# Conformal prediction for classification

Conformal prediction ({cite:t}`vovk_al,shaf_at08,bala_cp`) is a framework for reliable prediction that is rooted in classical frequentist statistics, more specifically in hypothesis testing. Given a sequence of training observations and a new query $\vec{x}_{N+1}$ (which we denoted by $\vec{x}_{q}$ before) with unknown outcome $y_{N+1}$,

$$
(\vec{x}_1, y_1), \,  (\vec{x}_2, y_2), \ldots ,  (\vec{x}_N, y_N), \, (\vec{x}_{N+1}, \bullet)
\enspace ,
$$(test)

the basic idea is to hypothetically replace $\bullet$ by each candidate, i.e., to test the hypothesis $y_{N+1} = y$ for all $y \in \mathcal{Y}$. Only those outcomes $y$ for which this hypothesis can be rejected at a predefined level of confidence are excluded, while those for which the hypothesis cannot be rejected are collected to form the prediction set or *prediction region* $Y^\epsilon \subseteq \mathcal{Y}$. The construction of a set-valued prediction $Y^\epsilon = Y^\epsilon(\vec{x}_{n+1})$ that is guaranteed to cover the true outcome $y_{N+1}$ with a given probability $1- \epsilon$ (for example 95\,\%), instead of producing a point prediction $\hat{y}_{N+1} \in \mathcal{Y}$, is the basic idea of conformal prediction. Here, $\epsilon \in (0,1)$ is a pre-specified level of significance.

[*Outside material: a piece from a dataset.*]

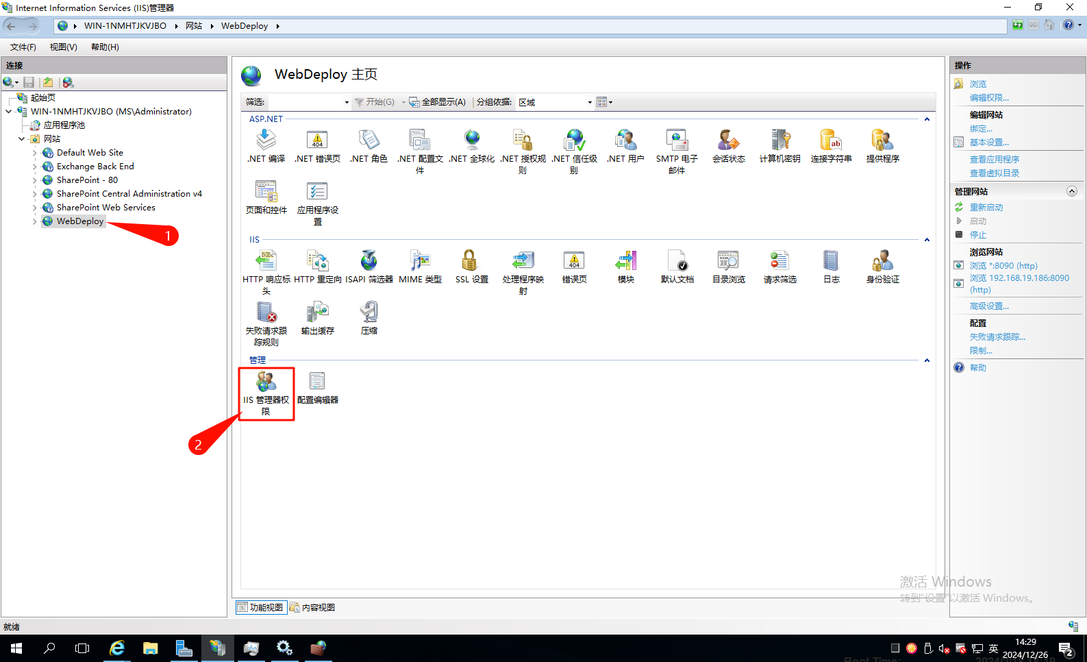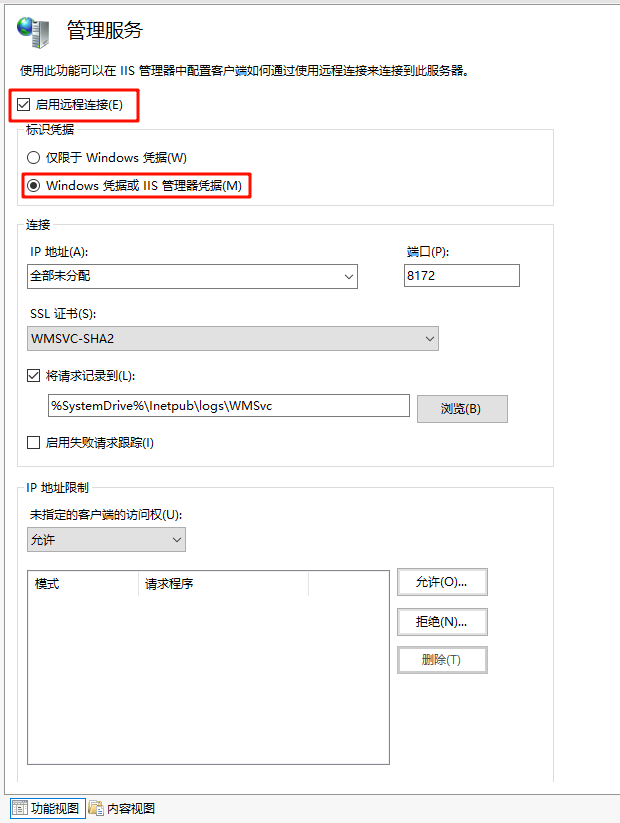 启动远程连接,设置 IIS 用户认证。

In the case of classification, $Y^\epsilon$ is a subset of the set of classes $\mathcal{Y} = \{ y_1, \ldots , y_K \}$, whereas in regression, a prediction region is commonly represented in terms of an interval\footnote{Obviously, since $\mathcal{Y} = \mathbb{R}$ is infinite in regression, a hypothesis test cannot be conducted explicitly for each candidate outcome $y$.}.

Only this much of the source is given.